Overall, 286 patients were screened, and 190 were finally included in the study. Ninety-six patients were excluded (AF, n = 16, RCM, n = 8, HCM, n = 4, CKD, n = 13, valvular heart disease, n = 16, CCP, n = 1, COPD, n = 8, CLD, n = 2, declined to participate in the study, n = 28).

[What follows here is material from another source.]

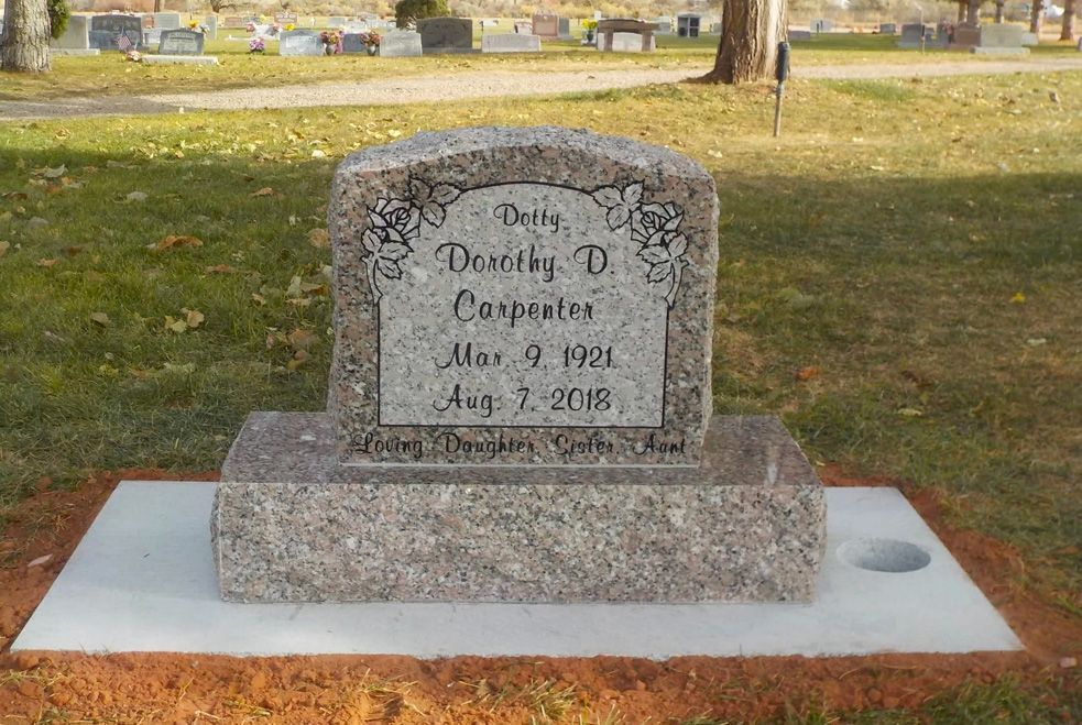 A tablet & base memorial will have room to customize both the front and back of the memorial with design and is available in a variety of sizes for both individuals and companions in marble or granite. All cemeteries we serve will have specific rules and regulations on the size, style, color and placement of memorials, please reach out so we can discuss what options are available for you to serve you best.

Baseline characteristics of the study population

The study included 190 patients with a mean age of 66.4 ± 4.06 (range 29-89 years), 68.4% males (n = 130). Hypertension was present in 138 (72.6%), diabetes in 84 (44.2%), family history of CAD in 44 (23.1%), dyslipidemia in 94 (49.4%) and history of smoking in 86 (45.2%). As per inclusion protocol, all patients had recent (≤2 weeks ACS); STEMI was present in 56 (29.5%), NSTEMI in 77 (40.5%) and UA in 57 (30%). Majority of the patients were in NYHA class I (n = 149, 78.4%), while 9 (4.7%%) were in NYHA Class II, 24 (12.6%) in NYHA Class III and 8 (4.2%) were in Class IV.

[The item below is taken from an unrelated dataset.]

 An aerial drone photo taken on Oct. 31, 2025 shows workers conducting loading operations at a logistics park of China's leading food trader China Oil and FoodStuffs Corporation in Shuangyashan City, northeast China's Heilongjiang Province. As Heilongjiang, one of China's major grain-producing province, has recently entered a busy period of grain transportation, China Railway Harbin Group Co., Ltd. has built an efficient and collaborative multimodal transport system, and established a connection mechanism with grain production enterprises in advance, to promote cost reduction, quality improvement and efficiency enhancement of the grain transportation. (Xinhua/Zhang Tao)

The mean LAVi of the study population was 32.29 ± 12.06 ml/m2 (range 21.0-44.5 ml/m2), of which 111 (58.4%) had LAVi ≥32 ml/m2 while 79 patients (41.6%) had LAVi <32 ml/m2. The mean LAVi was significantly higher in the unstable angina group (34.67 ± 11.88 ml/m2) as compared to STEMI (31.69 ± 10.14 ml/m2) and NSTEMI (30.97 ± 12.58 ml/m2, P < 0.001).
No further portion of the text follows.